## WHAT IS NEEDED
Output the lines of the records below exactly, beginning at their first line and ending at the line with "- Teleports schicken"; include no pictures.

## RECORDS
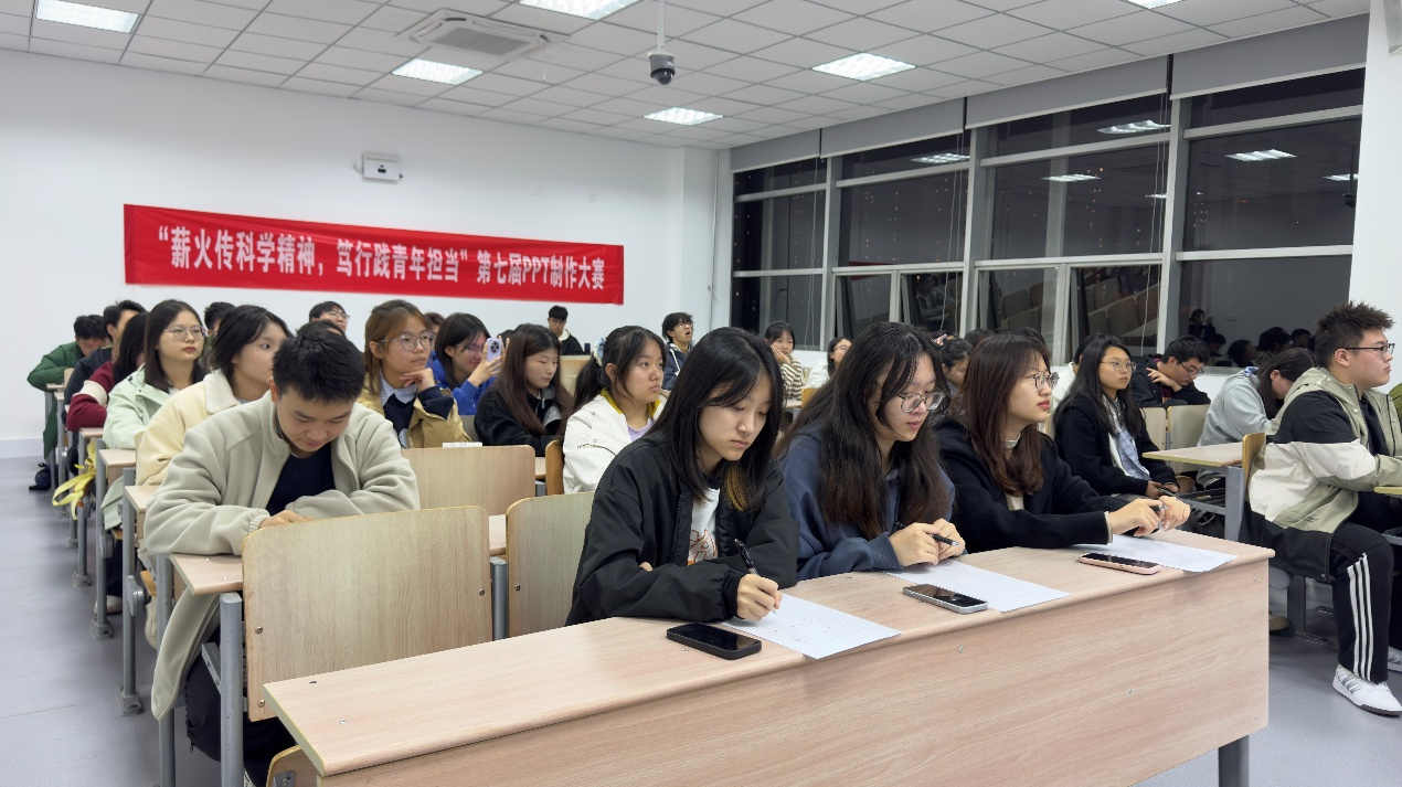 科学技术协会于教三-103举办“薪火传科学精神,笃行践青年担当”第七届PPT制作大赛。学院科协全体成员全程参与活动策划、组织与执行,保障赛事圆满落幕。
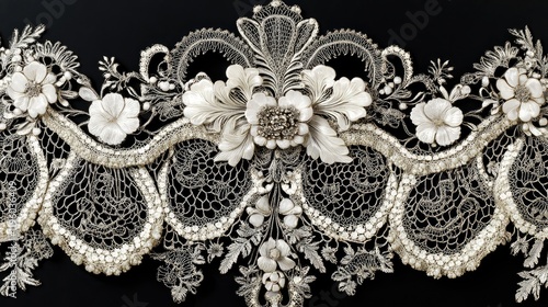 Obraz premium Close-up of a delicate lace pattern with elaborate floral and geometric designs.
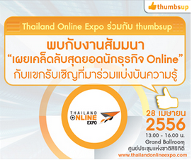PR Newsประกาศผล 5 ทีมสุดท้ายเข้าชิง “สุดยอดนักธุรกิจออนไลน์หน้าใหม่” งาน Thailand Online Expo ประจำปี 2556 thumbsupteam February 1, 2013February 1, 2013
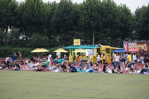 그렇게 산 음식들을 들고 소닉스테이지에 가서 공연도 보고 놀고 있는데
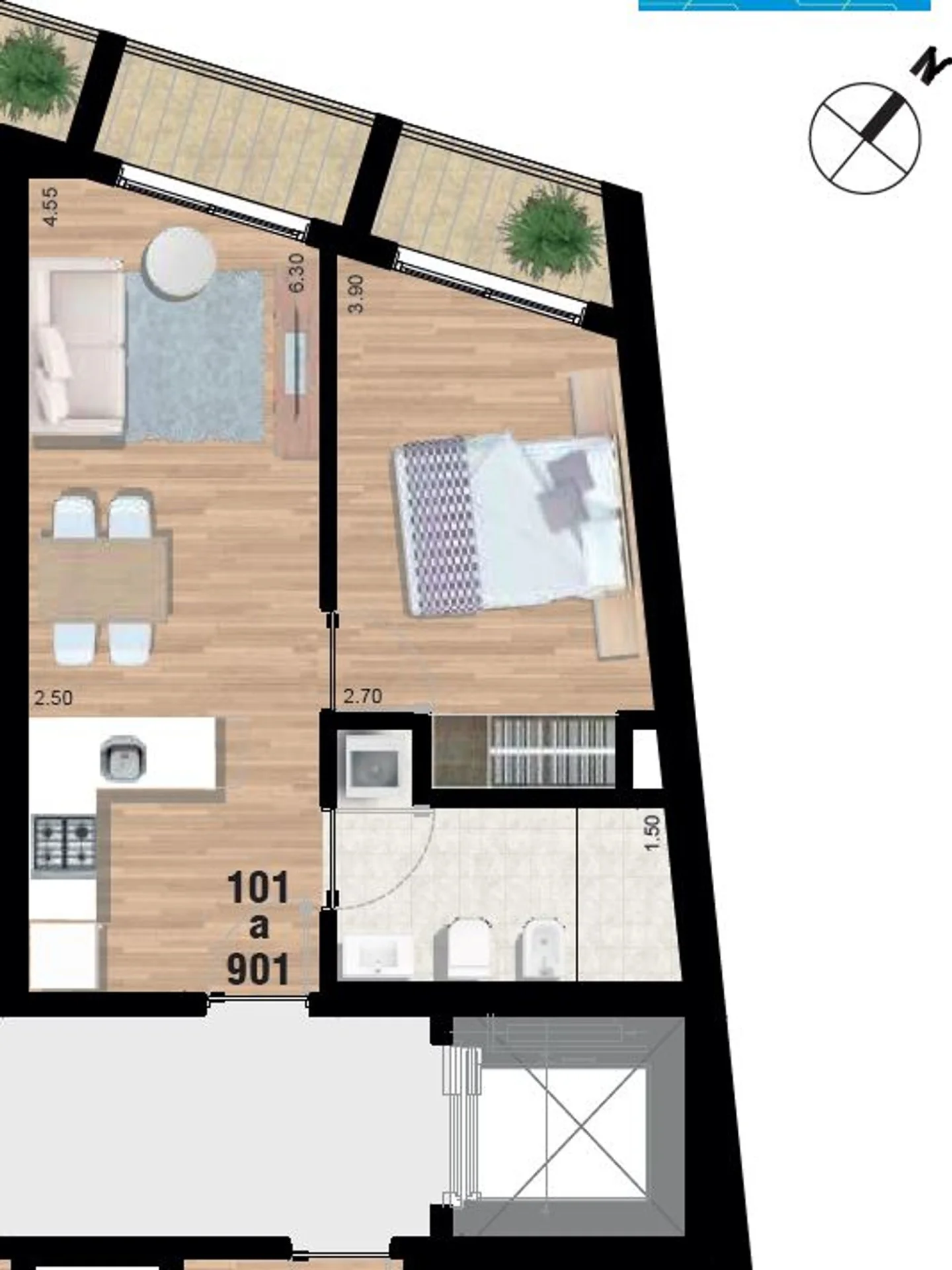 3.80m2 aprox. UNIDAD 201. Orientación NO, frente.
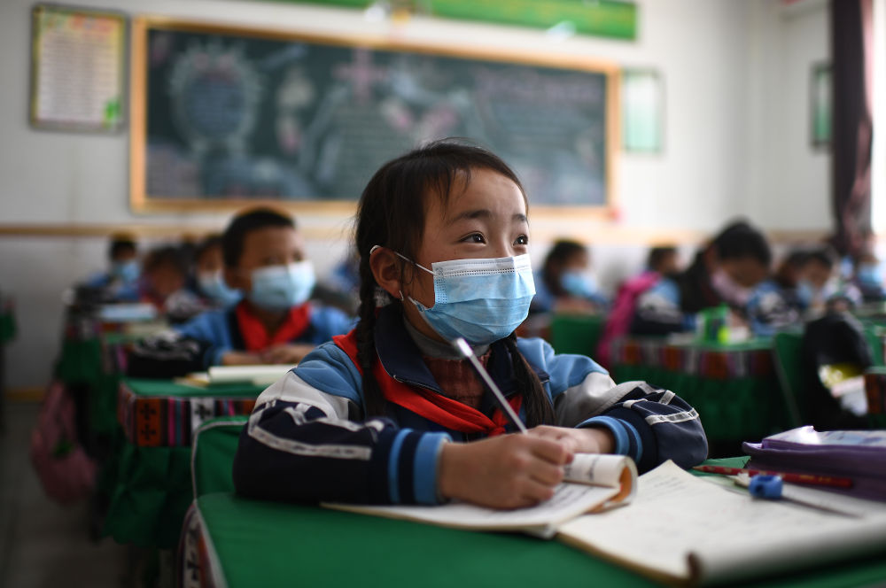 ↑ 玉樹市第三完全小學(xué)二年級(jí)一班學(xué)生求永藏嘎在上課(2020年4月9日攝)。
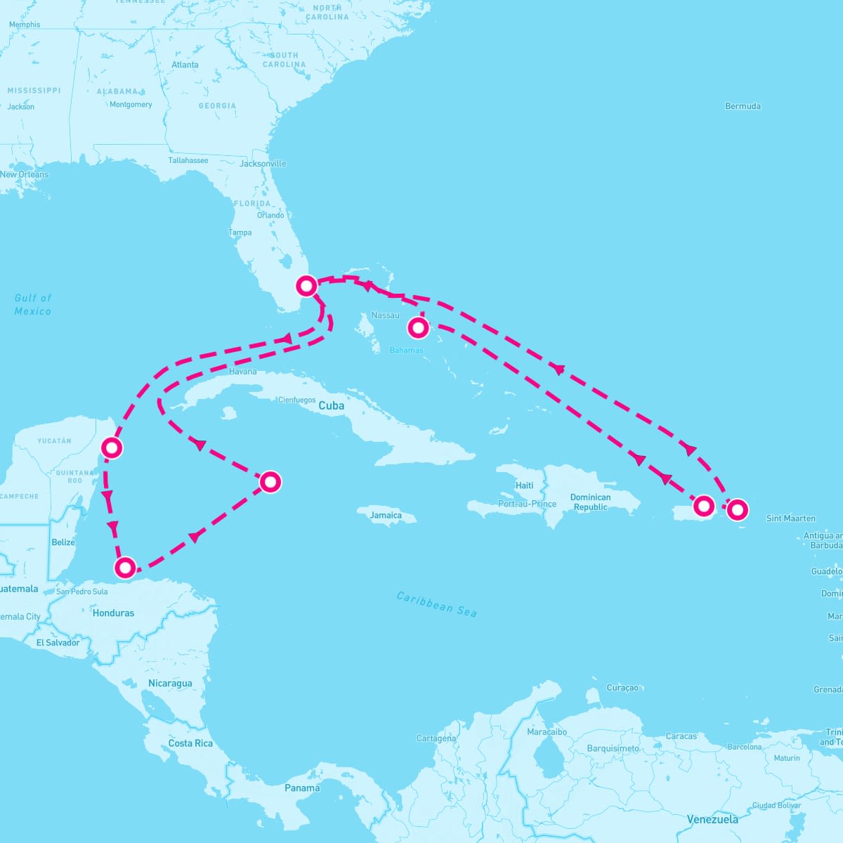 This route includes fort-lauderdale-florida, george-town-grand-cayman, mahogany-bay-honduras, cozumel-mexico, princess-cays-cruise-line-private-island, san-juan-puerto-rico, charlotte-amalie-st-thomas.
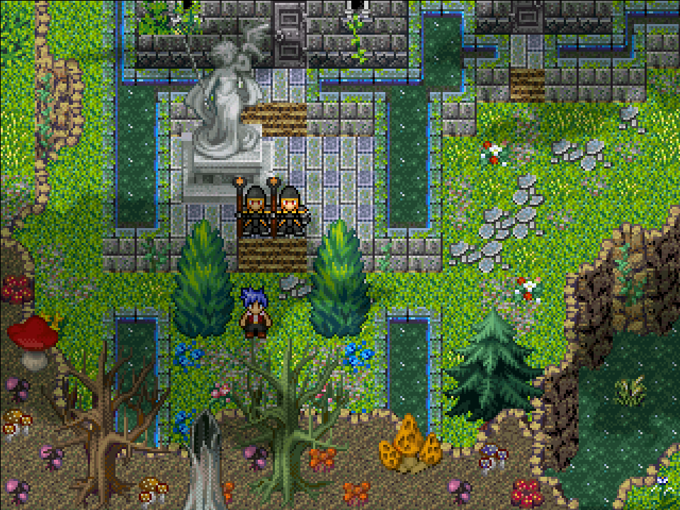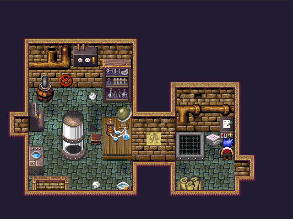 - Teleports schicken den Helden immer an den äußersten Rand der Map. Das ist unpraktisch. Ich würde ihn zumindest mit einem Tile Abstand teleportieren lassen. Anfangs habe ich mich in der Stadt immer verlaufen und wollte daher schnell wieder zurück auf die vorherige Map, aber das ging nur über den "Umweg", indem ich mich einmal von dem Startpunkt aus entferne und dann wieder den Weg zurück zum Teleport laufe. Mach es dem Spieler bitte einfacher ;)
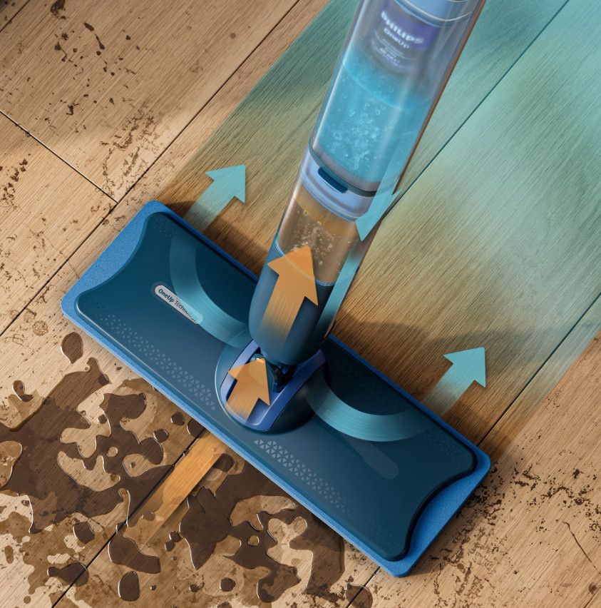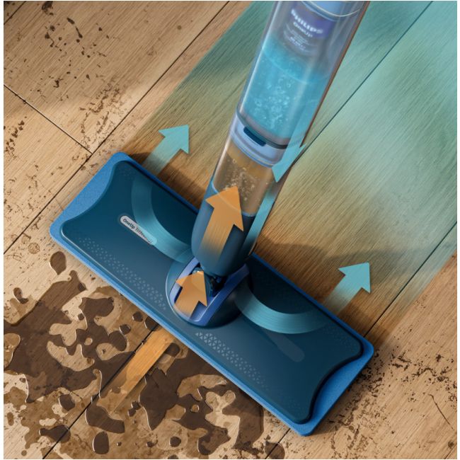 Pożegnaj się z tradycyjnymi mopami, które rozmazują brud! Mop elektryczny Philips OneUp zapewnia 2 razy czystsze podłogi i to 2 razy szybciej. Zasysa brudną wodę, jednocześnie dystrybuując czystą wodę na podłogę, by uzyskać nieskazitelny połysk
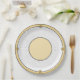 The cheerful, Art Deco inspired, original digital painting by Leslie Sigal Javorek adorning this paper plate features a stylized flower of pale grey, sunflower yellow, plus accents of cherry red & teal outlined in black that is set against a background of solid goldenrod, black & white stripes.
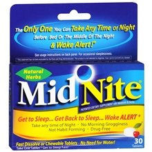 -. Binding : Health and Beauty -. Brand : Unknown -. EAN : 0188901000012 -. Feature : MidNite is made with all natural sleep ingredients, not drugs / MidNite is the only sleep remedy that can be taken at any time - even the middle of the night - with no morning grogginess -. IsAdultProduct : 0 -. Label : Groceries To Your Door -. Manufacturer : Groceries To Your Door -. MPN : Gro-5335 -. PartNumber : Gro-5335 -. ProductGroup : Health and Beauty -. ProductTypeName : HEALTH_PERSONAL_CARE -. Publisher : Groceries To Your Door -. Studio : Groceries To Your Door -. Title : MidNite Herbal Sleep Supplement Chewable Tablets 30.0 ea. (Quantity of 4) -. UPC : 188901000012
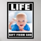 This is a beautiful Pro-life image of smiling baby boy with blue eyes and the word LIFE and GIFT FROM GOD. A black and white border surrounds the image. All text and fonts can be modified.
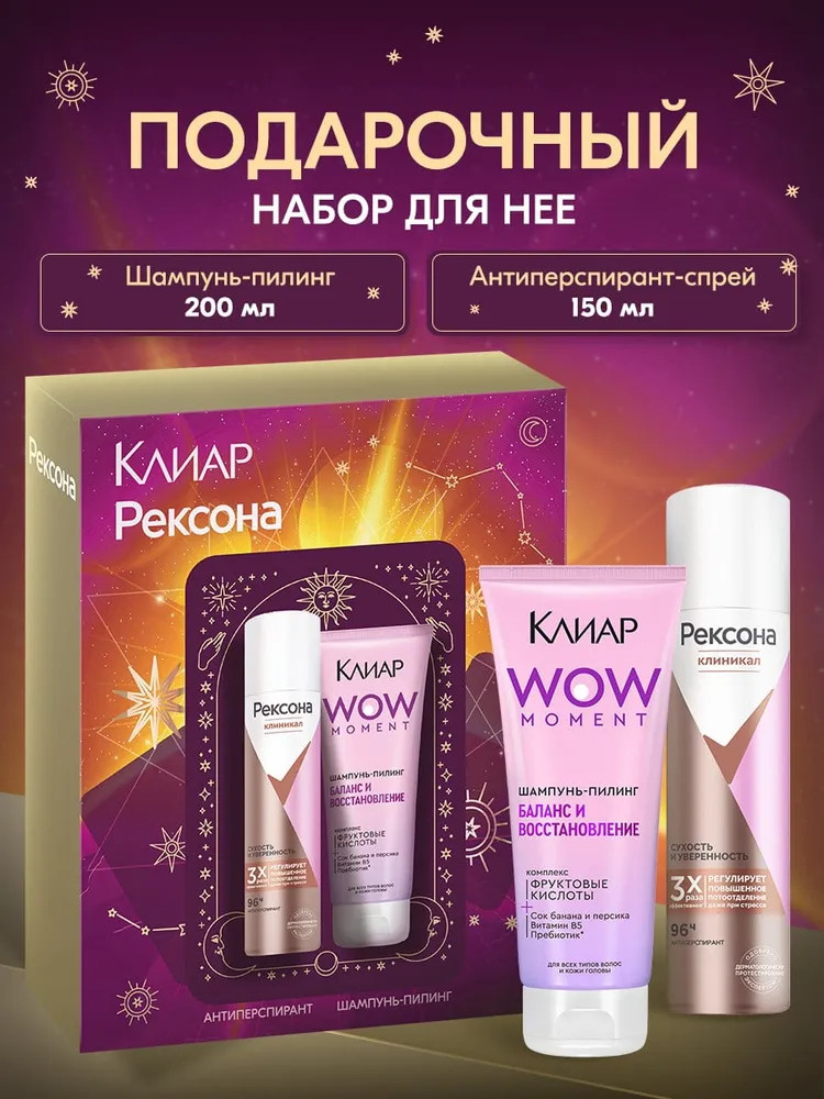 💳 Оплатить за товар можно при получении 🇰🇿 Есть бесплатная доставка по Казахстану от 1 дня 🎁 Копите бонусы с каждой покупки Подарочный набор уходовой косметики для женщин — это отличный выбор для презента на любой праздник и просто так. Средство-пилинг для волос Клиар Баланс и восстановление глубоко очищает кожу головы, удаляя себум, остатки стайлинга и сухого шампуня. Очищающий шампунь для волос содержит 2.7%’ фруктовых кислот, которые способствуют обновлению клеток кожи*. В состав продукта входят также: витамин В5, пребиотик, сок банана и персика. Шампунь-пилинг для волос имеет приятный аромат ванили с нотками фруктов. |
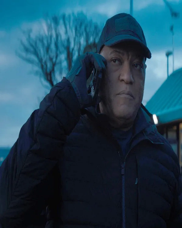 Laurence Fishburne Movie The Amateur 2025 Black Puffer Jacket
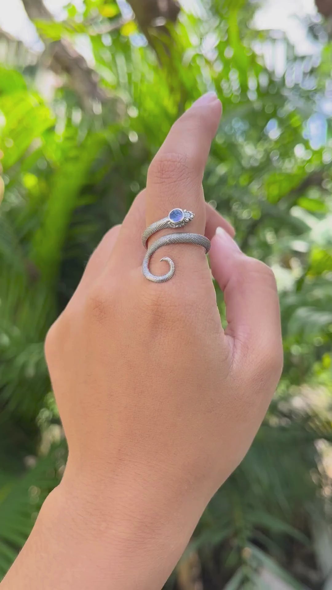 Starborn Coiled Snake Ring with Faceted Tanzanite Gemstone in Sterling Silver
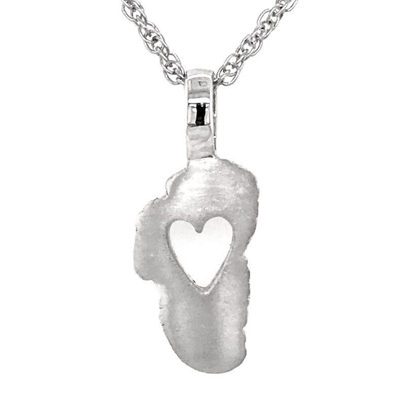 Large Sterling Silver "In Love with Lake Tahoe" Pendant with a Satin Finish. Heart cutout in the middle of Lake Tahoe.Pendant measures 1 1/4 in top to bottom and 5/8 inch wide.Comes on an 18' alloy display chain. It is highly recommended to switch pendant to a Sterling Silver chain before wearing.
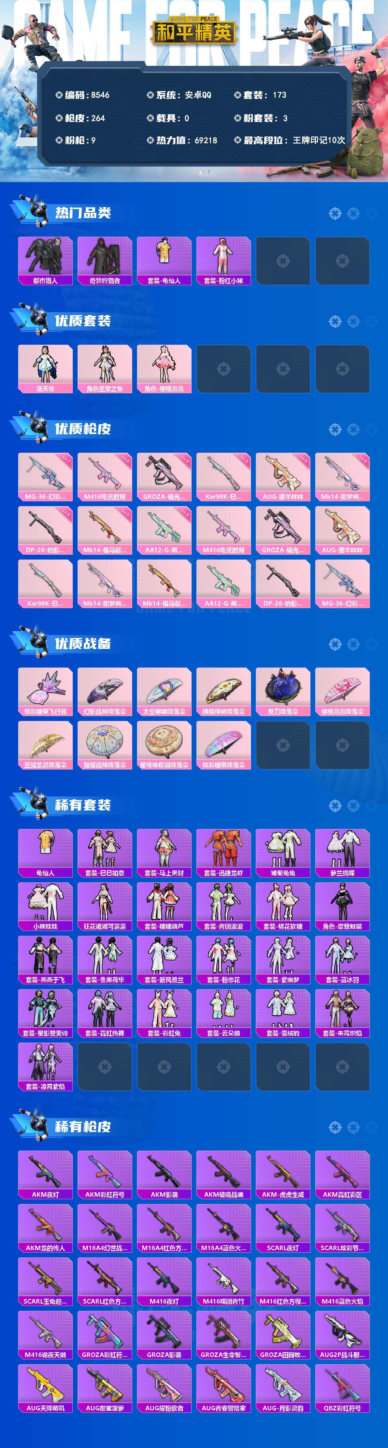 【8546】3粉装-9特效枪-0载具-1粉色飞行器-69218热力值-10王牌印记-173套装-264枪皮

## ANSWER TO THE PROBLEM
 科学技术协会于教三-103举办“薪火传科学精神,笃行践青年担当”第七届PPT制作大赛。学院科协全体成员全程参与活动策划、组织与执行,保障赛事圆满落幕。
 Obraz premium Close-up of a delicate lace pattern with elaborate floral and geometric designs.
PR Newsประกาศผล 5 ทีมสุดท้ายเข้าชิง “สุดยอดนักธุรกิจออนไลน์หน้าใหม่” งาน Thailand Online Expo ประจำปี 2556 thumbsupteam February 1, 2013February 1, 2013
 그렇게 산 음식들을 들고 소닉스테이지에 가서 공연도 보고 놀고 있는데
 3.80m2 aprox. UNIDAD 201. Orientación NO, frente.
 ↑ 玉樹市第三完全小學(xué)二年級(jí)一班學(xué)生求永藏嘎在上課(2020年4月9日攝)。
 This route includes fort-lauderdale-florida, george-town-grand-cayman, mahogany-bay-honduras, cozumel-mexico, princess-cays-cruise-line-private-island, san-juan-puerto-rico, charlotte-amalie-st-thomas.
 - Teleports schicken den Helden immer an den äußersten Rand der Map. Das ist unpraktisch. Ich würde ihn zumindest mit einem Tile Abstand teleportieren lassen. Anfangs habe ich mich in der Stadt immer verlaufen und wollte daher schnell wieder zurück auf die vorherige Map, aber das ging nur über den "Umweg", indem ich mich einmal von dem Startpunkt aus entferne und dann wieder den Weg zurück zum Teleport laufe. Mach es dem Spieler bitte einfacher ;)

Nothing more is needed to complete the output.